The most common locations for ultrasonic thickness (UT) monitoring points include the VGO and HVGO lines, where sulfidation and naphthenic acid corrosion are typically the primary concerns (referred to as Locations B to E in Figure 7). UT sensors are commonly positioned in areas with high turbulence, such as elbows near pumps, tees, and reducers. It should be emphasized that, due to the localized nature of sulfidation and naphthenic acid corrosion, a single UT monitoring point is insufficient to provide a comprehensive picture of fluid corrosivity. It is therefore recommended to use multiple sensors, with specific placement based on the component being monitored. For example, on elbows, sensors should be positioned at various critical areas such as the extrados, intrados, and weld protrusions, to increase the likelihood of detecting metal loss.
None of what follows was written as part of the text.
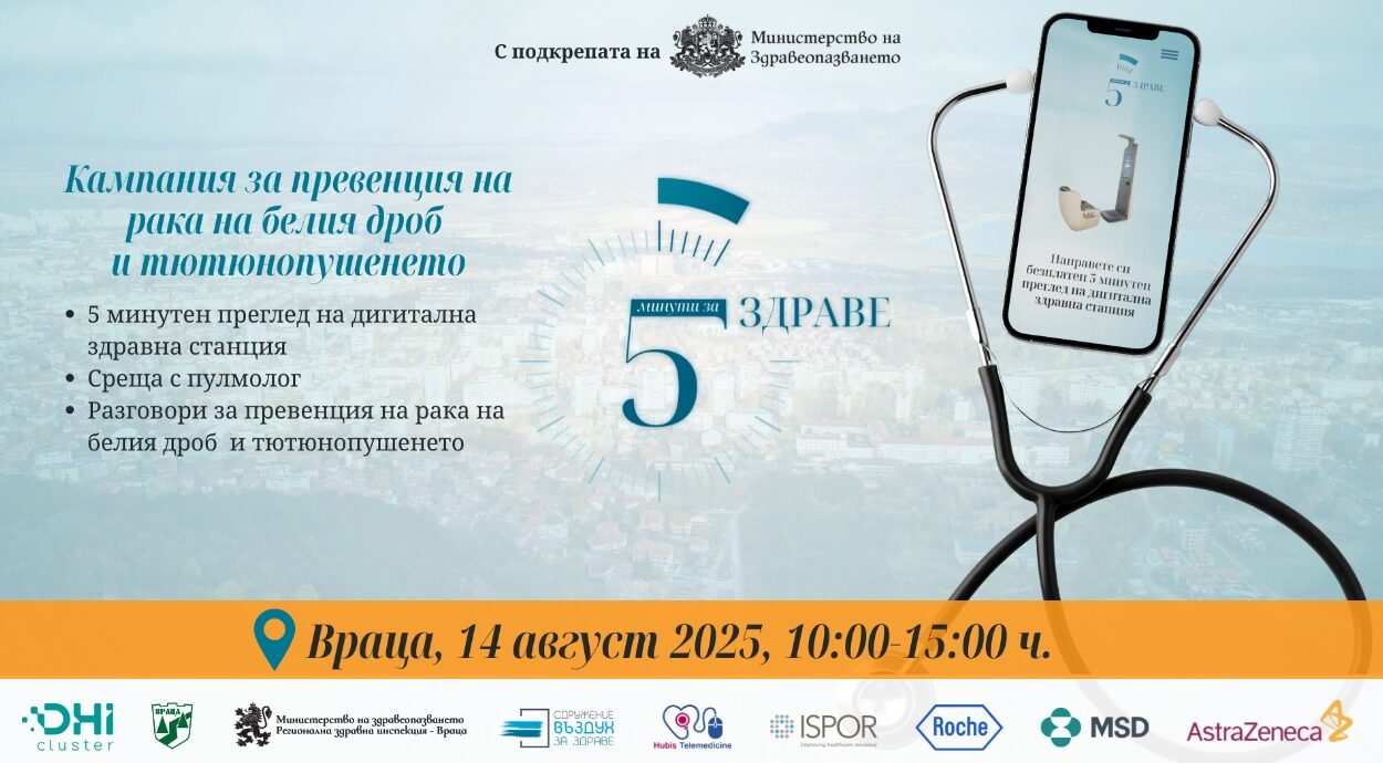 За втора поредна година ще се проведе кампанията „5 минути за здраве“ за безплатни изследвания чрез нови дигитални технологии, която започва от Враца на 14 август (четвъртък) 2025 г. от 10:00 до 15:00 ч. на ул. „Полковник Лукашов“ /срещу сградата на бившето кино „Коларов“/. Инициативата се организира от Българския клъстер за дигитални решения и иновации в здравеопазването с подкрепата на Министерството на здравеопазването, в партньорство със Сдружение „Въздух за здраве“, телемедицинската компания Хъбис, биотехнологичната фармацевтична компания Рош България и биофармацевтичните компании АстраЗенека и MSD, ISPOR Bulgarian Chapter, РЗИ Враца и община Враца.

The selection of exact monitoring points should be guided by historical inspection data and flow modeling.
Corrosion monitoring on the vacuum residue line is not commonly practiced, as low-molecular-weight and most aggressive naphthenic acids are typically degraded at temperatures above 370°C, and most active sulfur species are already distilled with VGO/HVGO. If corrosion monitoring is necessary, the same principle previously highlighted should be applied: position UT sensors in areas of highest turbulence (e.g., after Vacuum Residue pumps, referred to as Location F in Figure 7).
Summary
A comprehensive summary of corrosion monitoring practices for both Crude Distillation Units (CDU) and Vacuum Distillation Units (VDU) is presented in Table 1 and Table 2. These tables outline typical locations for monitoring, types of corrosion mechanisms addressed, and the recommended monitoring techniques for each unit.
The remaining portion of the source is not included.